**What you need to do:** Shown below are entries with pictures; the line with "Остатки информации о" through the line with "熱電堆紅外傳感器芯片是測溫儀" is the span to retype exactly, and the pictures stay out.

Recorded data:
+++
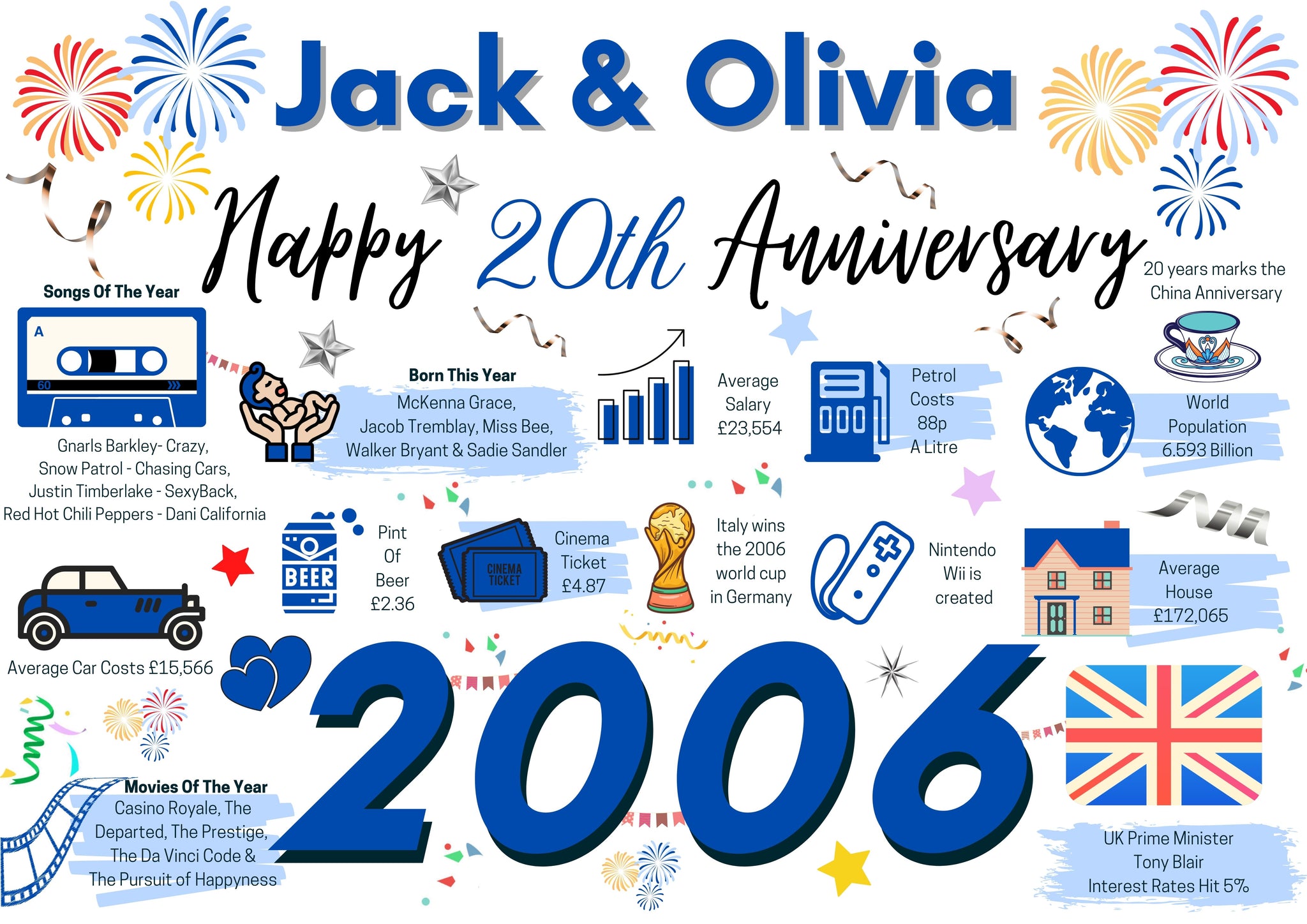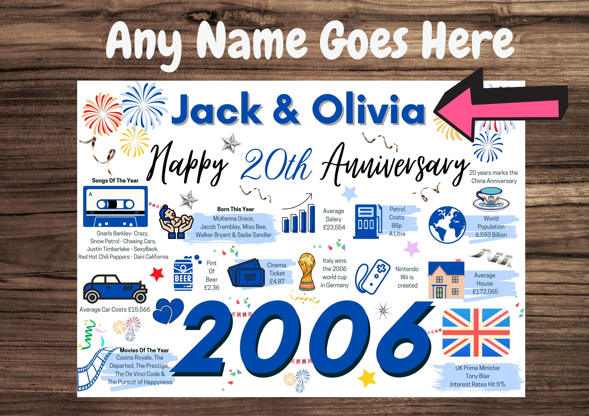 This 20th Anniversary card is a great way to remember the events that happened 20 Years ago in 2006.
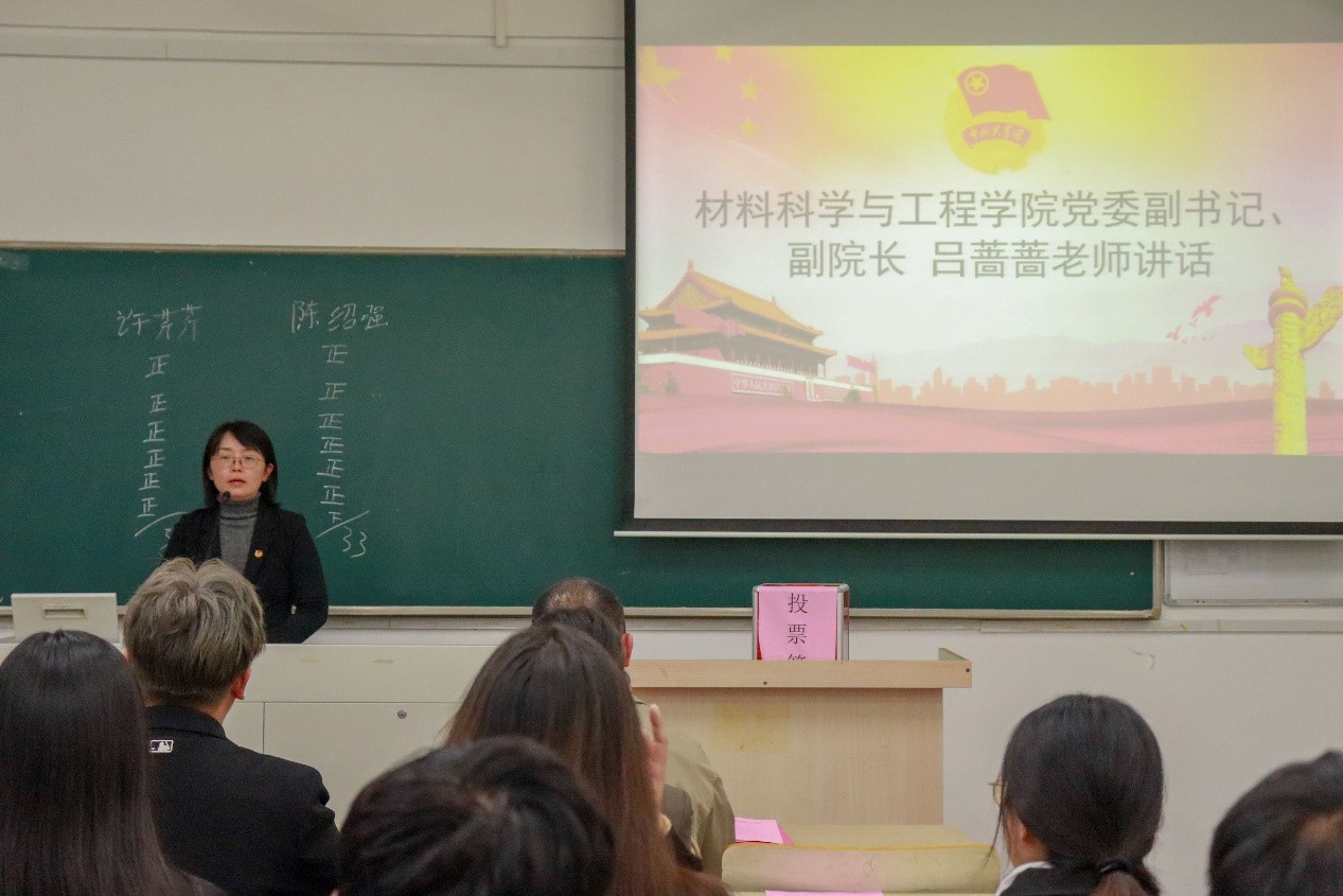 院党委副书记、副院长吕蔷蔷讲话,她希望全体研究生学生代表能锤炼自身品德修为,树立正确的人生观、价值观,以认真负责、公平公正的态度,切实履行学生代表职责,发挥学生干部队伍的凝聚力、战斗力,为学院一流人才方阵的培养和壮大贡献力量。
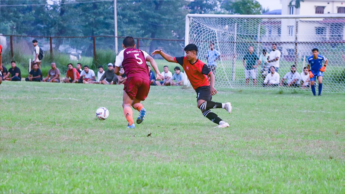 त्यसअघि भएको खेलको पहिलो हाफमा दुवै टिमले एक–एक गोल गरेका थिए । वडा नम्बर ३ का लागि खेल सुरु भएको १७ औं मिनेटमा सन्तोष राईले पहिलो गोल गरेर टिमलाई अग्रता दिलाएका थिए । त्यसको ३ मिनेट बित्न नपाउँदै बिर्तामोड–४ ले जवाफी गोल फर्काएपछि बिर्तामोड–३ को अग्रता धेरै बेर कायम रहन सकेन् । बिर्तामोड–४ का लागी पहिलो हाफको २० मिनेटमा बिशाल बस्नेतले जवाफी गोल फर्काएका थिए ।
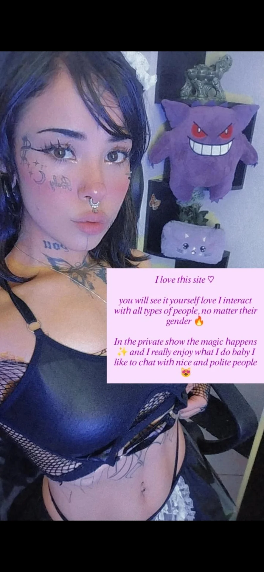 I have real tattoos on my face, I'm very funny and sexually active... Singer in the making, I like to have fun and I am a Scorpio, I am 20 years old and I study 💖 I want to play with your dick baby
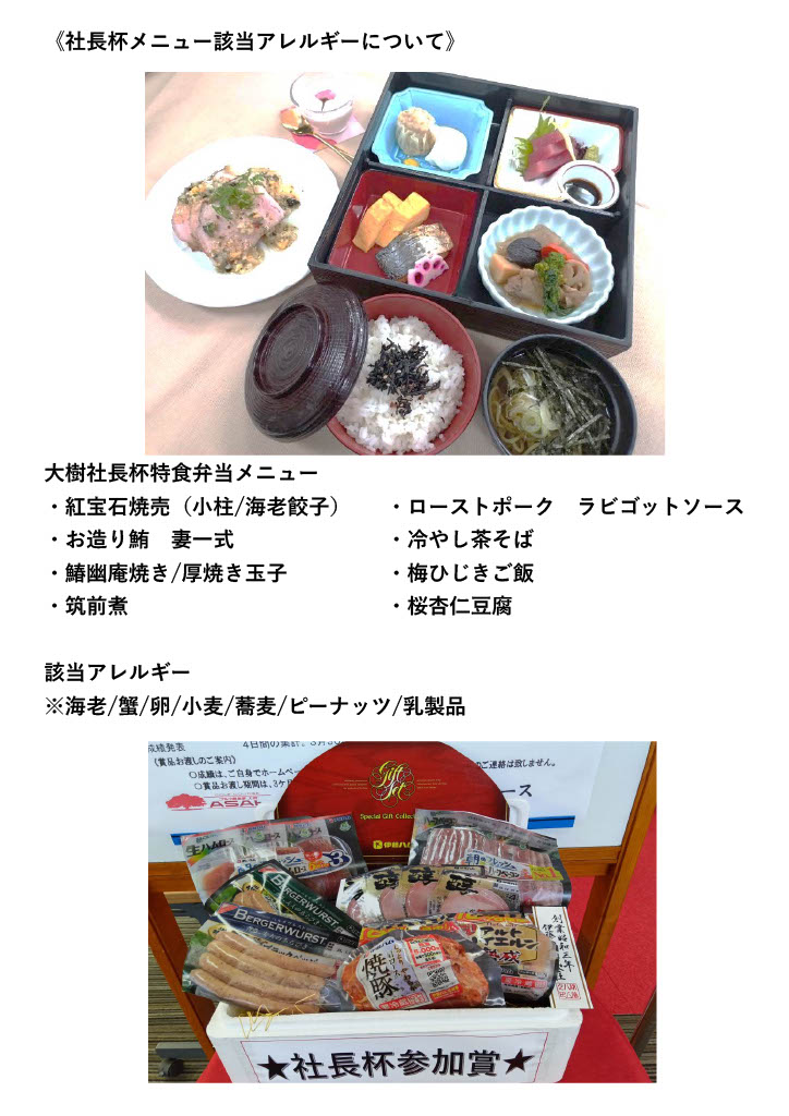 社長杯 昼食メニューと参加賞のご案内
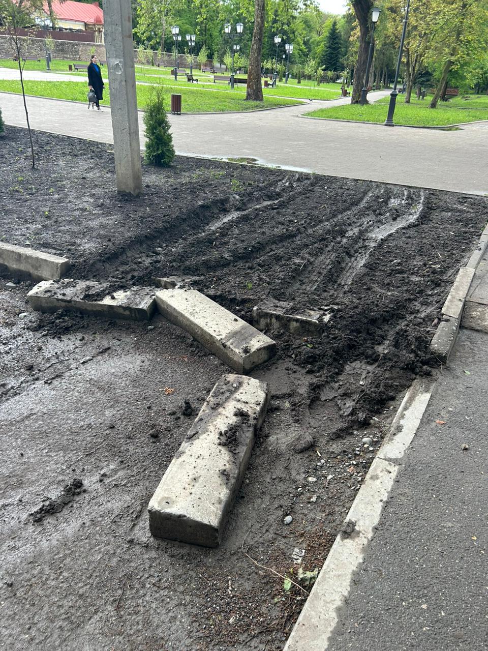 Вандалы сломали бордюры и испортили газон у входа в Центральный парк во Владикавказе
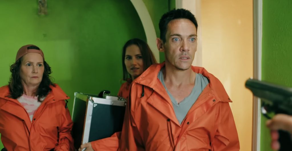 Вместо того чтобы сделать «Команду уборщиков» прямолинейным, мрачным триллером, сценарист Мэтью Роджерс и режиссер Джон Кейес создали то, что в пресс-релизе называется «необычным, веселым боевиком, полным адреналина и смеха». Большая часть юмора в этой комедии исходит от игры Антонио Бандераса в роли эксцентричного, цитирующего Макиавелли, криминального босса. Габриэль не сыгран Бандерасом как карикатура, он просто немного странный. Это тот тип личности, когда ты достаточно силен, чтобы люди говорили тебе то, что тебе нужно услышать, но далеко не так умен, как ты думаешь. Алекс (Джонатан Риз Майерс) резко контрастирует с ним, когда оказывается в ситуации, в которой ничего не смыслит. Что касается Шивон и Чака, то у них есть несколько собственных секретов, о которых мы узнаем после того, как Меган возьмут в заложники.
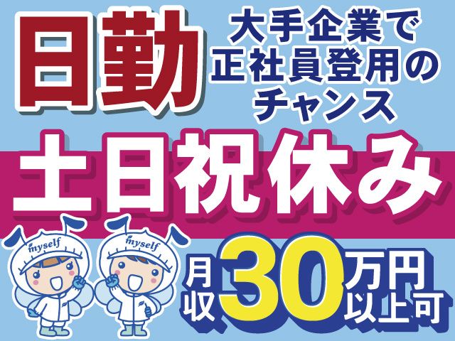 日勤・土日祝休み/社員登用あり/月収30万円可/週払い可
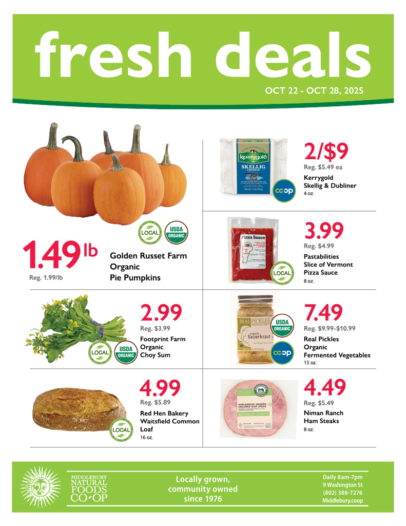 A coupon and the Member Deal appear every week on Page 2 of Thursday’s Addison Independent. Check our Fresh Flyer for fresh deals on produce, dairy, meat, and deli every week! Looking for even more savings? Check out our new Co-op Deals Flyer (now with only items we carry!)
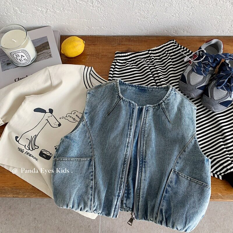 波拉韩国童装男童春季牛仔马甲痞帅百搭儿童复古上衣男女童外套潮
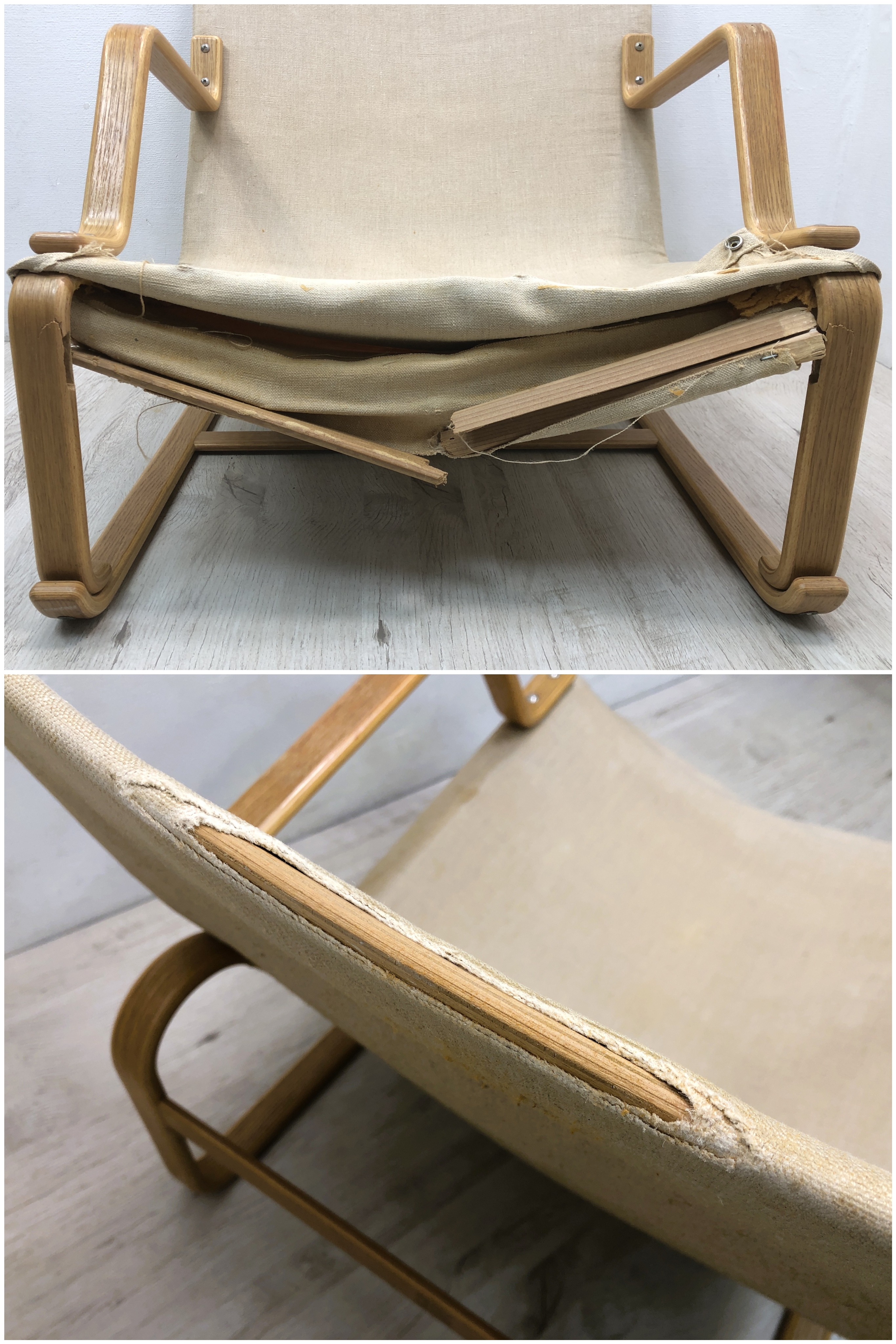 こちらはTendo 天童木工 Bruno Mathsson ブルーノマットソン Margareta マルガリータ イージーチェア です。 ジャンク品です。 スウェーデン政府よりプロフェッサーの称号を与えられた、 北欧を代表する家具デザイナー、Bruno Mathsson(ブルーノ・マットソン)。 1974年に初来日した際、日本人のためにデザインしたイスが、Margareta(マルガリータ)と呼ばれるシリーズです。 2年後に製品化し天童木工から発売され、今日まで生産されています。 マットソンデザインの特徴である流れるような曲線を描くフレームは、天童木工が得意とする成形合板によるもの。 スリムな部材でもしなやかな強さを生み出す、シンプルな構造です。 脚部には、床面との接地面積を大きくとった“床摺り構造”が採用されており、 カーペットや畳の上でも安心してお使いいただけます。 また、成形合板のフレームによって、見た目からは想像できないほどの軽さを実現しています。 1人でも持ち運びできるため、お掃除や模様替えも容易に行えます。 【Tendo/天童木工】 1940年に創業の山形県天童市に本社工場を置く家具メーカー。 戦後間もない頃から家具における「デザイン」に価値を見出し、 丹下健三や剣持 勇、柳 宗理といった日本を代表する建築家やデザイナーと共に多くの協働を重ねてきました。 良質な家具の量産を可能にする技術として誕生した成形合板を日本でいち早く実用化させたメーカーでもあり、 薄くても強度を保てる成形合板は、無垢材では出せない複雑な曲面やフォルムを可能にします。 【コンディションについて】 コンディションにつきましては、座面前面の木部フレームに破損がありますので ジャンク扱いの現状品として出品いたします。 ネジの不足箇所があり、一部代替品を使用しています。 コンディションにつきましては下記の画像も併せてご確認ください。 ![]() 【肘掛の状態】 ![]() 【前面左右の木部の破損】 ![]() 【前面木部の破損/背もたれ上部の状態】 ![]() 【座面内部の状態/クッションウレタンの状態】 同シリーズが複数入荷しております。(随時出品予定です) ![]() どうぞこの機会にいかがでしょうか! 皆様のご入札をお待ちしております。 再良市場の他のお品物はこちらから!
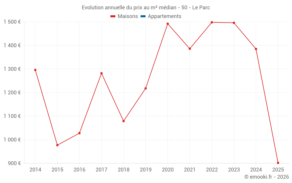 Le prix médian sur les 24 transactions de maisons des 24 derniers mois dans la commune du Parc était de 1 370 € par mètre carré pour une valeur foncière médiane de 112 500 €. Sur cette période 60% des transactions se sont situées entre 740 et 1 599 € par mètre carré (du 2ème au 8ème déciles).
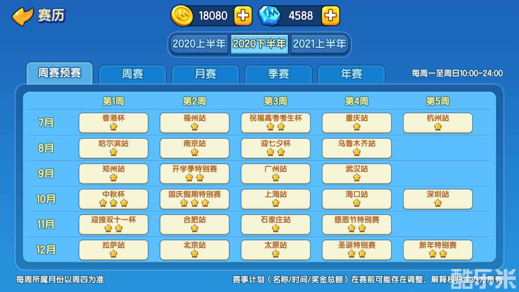比赛层层晋级,奖励蹭蹭提升。月赛1500万金币奖励,季赛2000万金币奖励,年赛5000万金币奖励,全年累计奖励达6亿,超多比赛机会,还不快来瓜分金币!
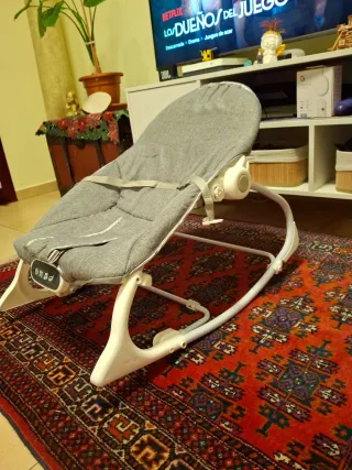 Hamaca para bebé en color gris, ideal para el descanso y entretenimiento. - Diseño moderno y acolchado. - Estructura resistente y segura. - Panel de control con iconos de vibración y música.
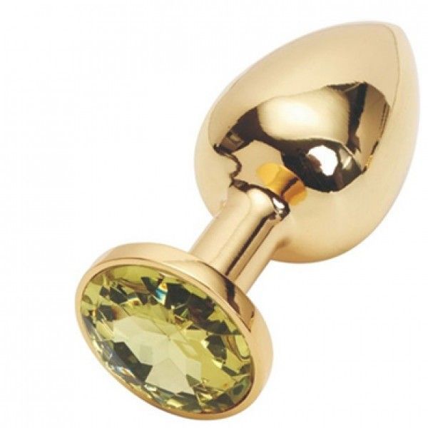 Золотиста анальна пробка з нержавіючої сталі. Прикрашена каменем (кристалом, стразами, Сваровскі). Довжина 7,6 см., Діаметр стрижня 0,7 см., Товщина в найширшому місці 2,7 см.
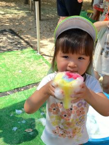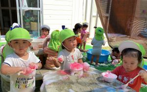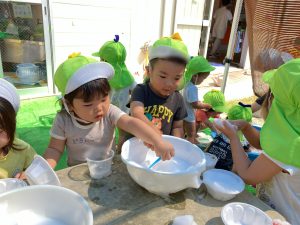 「〇〇ちゃーん!きてー!」などお友だちを誘って遊ぶ姿が見られるようになってきました。いろんな遊びに興味を持ち夢中で楽しむ子どもたち。もう少し涼しくなってきたら体を動かす遊びも楽しんでいきたいです!
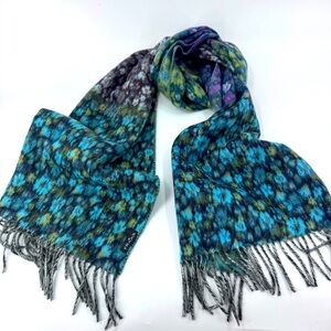 This Fraas scarf showcases a sophisticated blend of blue and gray hues, perfect for adding a touch of elegance to any ensemble. The abstract pattern and delicate fringe details at the ends create a stylish and artistic accessory. Ideal for both casual and formal occasions, this scarf is a versatile addition to your wardrobe.
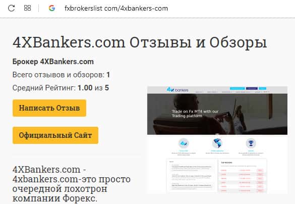 Остатки информации о соскамившемся шулерском форекс брокере 4х Банкерс
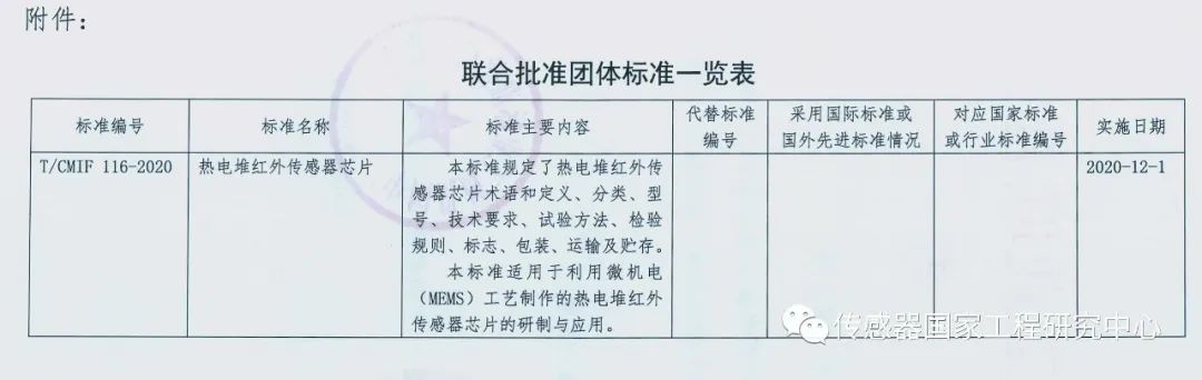 熱電堆紅外傳感器芯片是測溫儀器的核心元器件,針對疫情重點防控物資急需現狀,沈陽儀表院依托傳感器國家工程研究中心技術優勢,制定了團體標準“熱電堆紅外傳感器芯片”。經過標準征求意見、標準審查、標準報批等工作流程,該標準以中國機械工業聯合會2020年第2號公告批準發布,標準編號為:T/CMIF116-2020,實施日期為:2020年12月1日。
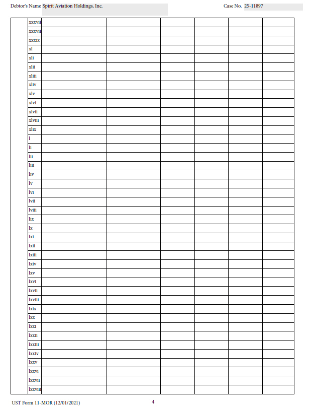 7 UST表格11-MOR(12/01/2021)债务人名称Spirit Aviation Holdings,Inc. Case No. 25-11897 lvii lvii lix lx lxi lxii lxiii lxiv lxvi lxvii lxvii lxvix lxx lxxi lxxxii lxvii lxvii lxvix lxxx lxxxi lxxxii lxxvii lxxvii lxxxxix lxxxx lxxxi lxxxxii lxxxxiv lxxxxv lxxxxv lxxxvi lxxxvi lxxxxvi lxxxxvi lxxxxxvi lx
+++
**Exercise solution:**
 Остатки информации о соскамившемся шулерском форекс брокере 4х Банкерс
 熱電堆紅外傳感器芯片是測溫儀器的核心元器件,針對疫情重點防控物資急需現狀,沈陽儀表院依托傳感器國家工程研究中心技術優勢,制定了團體標準“熱電堆紅外傳感器芯片”。經過標準征求意見、標準審查、標準報批等工作流程,該標準以中國機械工業聯合會2020年第2號公告批準發布,標準編號為:T/CMIF116-2020,實施日期為:2020年12月1日。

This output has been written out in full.